BRIEF – Set the listing down again exactly, please, apart from its pictures.

COLLECTED MATERIAL –
Segment Open
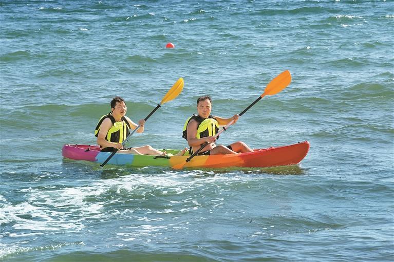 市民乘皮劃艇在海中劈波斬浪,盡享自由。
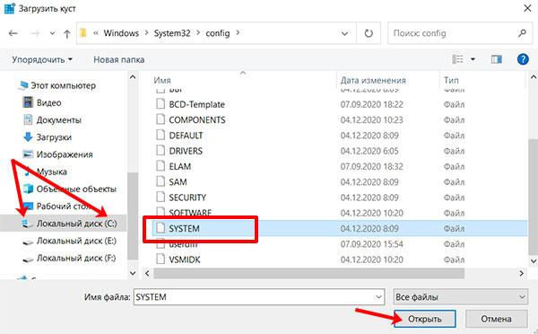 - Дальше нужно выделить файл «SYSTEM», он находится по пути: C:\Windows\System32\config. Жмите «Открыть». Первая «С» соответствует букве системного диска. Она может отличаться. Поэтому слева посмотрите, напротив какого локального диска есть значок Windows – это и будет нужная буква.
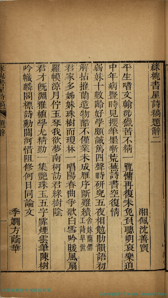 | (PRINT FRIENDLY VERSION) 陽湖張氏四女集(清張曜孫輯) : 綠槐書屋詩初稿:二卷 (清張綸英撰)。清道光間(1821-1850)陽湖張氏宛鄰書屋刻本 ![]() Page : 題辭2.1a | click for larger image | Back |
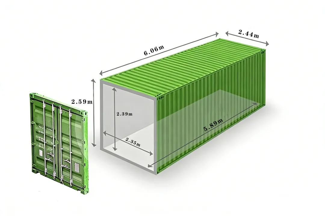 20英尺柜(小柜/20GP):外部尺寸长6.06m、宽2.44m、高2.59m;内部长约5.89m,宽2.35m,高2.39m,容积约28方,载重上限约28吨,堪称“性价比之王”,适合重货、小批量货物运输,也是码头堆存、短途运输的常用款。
Segment Closed
EXERCISE OUTPUT –
 市民乘皮劃艇在海中劈波斬浪,盡享自由。
 - Дальше нужно выделить файл «SYSTEM», он находится по пути: C:\Windows\System32\config. Жмите «Открыть». Первая «С» соответствует букве системного диска. Она может отличаться. Поэтому слева посмотрите, напротив какого локального диска есть значок Windows – это и будет нужная буква.
 | (PRINT FRIENDLY VERSION) 陽湖張氏四女集(清張曜孫輯) : 綠槐書屋詩初稿:二卷 (清張綸英撰)。清道光間(1821-1850)陽湖張氏宛鄰書屋刻本 ![]() Page : 題辭2.1a | click for larger image | Back |
 20英尺柜(小柜/20GP):外部尺寸长6.06m、宽2.44m、高2.59m;内部长约5.89m,宽2.35m,高2.39m,容积约28方,载重上限约28吨,堪称“性价比之王”,适合重货、小批量货物运输,也是码头堆存、短途运输的常用款。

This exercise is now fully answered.